(JED/IFEX) – On 23 August 2005, Moussa Mahamat Dago, president of the High Council of Communication (Haut conseil de la communication, HCC), the body that regulates Chad’s media, authorised the resumption of broadcasts by Radio Brakoss, a community station based in Moïssala, a village about 700 km from the capital, N’Djamena. The decision to reopen […]

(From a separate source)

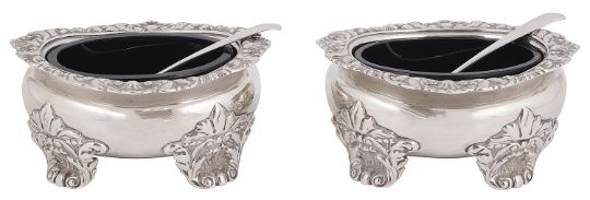 of circular design with reticulated scroll framed ovals and pierced foliate scroll decoration, on splayed feet with gadrooned rims, fitted with pierced swing handle and blue glass liner
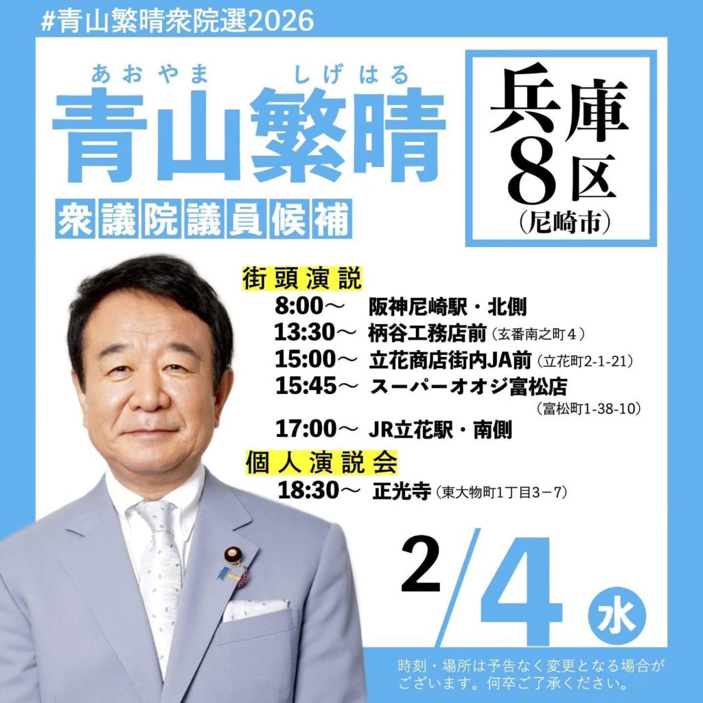 2026年2月4日 / 最終更新日時 : 2026年2月4日 林ひさひろ ブログ 青山繁晴候補ガンバレ‼️ 『青山繁晴』本日も市内を駆け巡ります‼️ 青山繁晴 兵庫8区 尼崎市 FacebookXBlueskyCopy

(JED/IFEX) – On 23 August 2005, Moussa Mahamat Dago, president of the High Council of Communication (Haut conseil de la communication, HCC), the body that regulates Chad’s media, authorised the resumption of broadcasts by Radio Brakoss, a community station based in Moïssala, a village about 700 km from the capital, N’Djamena.
The decision to reopen Radio Brakoss is accompanied by one condition: submission of a list of members of the station’s management committee to the HCC within 45 days.
During its latest mission to N’Djamena from 11 to 18 August, JED met with Dago, who promised to reopen the station, which is the only media outlet for the entire village of Moïssala.
While JED believes Radio Brakoss’s suspension was entirely unjustified, it welcomes the HCC’s decision and notes that four journalists remain in prison after receiving heavy sentences. JED calls on the Chadian authorities, particularly President Idriss Déby, to do everything possible to ensure the release of Sy Koumbo, Samory Ngaradoumbé, Michel Didama and Al Haj Ngarondé Djarma (see IFEX alerts of 16, 15 and 9 August, 19, 7 and 6 July and 23 June 2005).
On 19 May 2005, Radio Brakoss was temporarily suspended by the HCC, which accused the station of “recurring conflicts with the administrative, military and traditional authorities as well as dysfunction and a lack of supervision of its personnel.”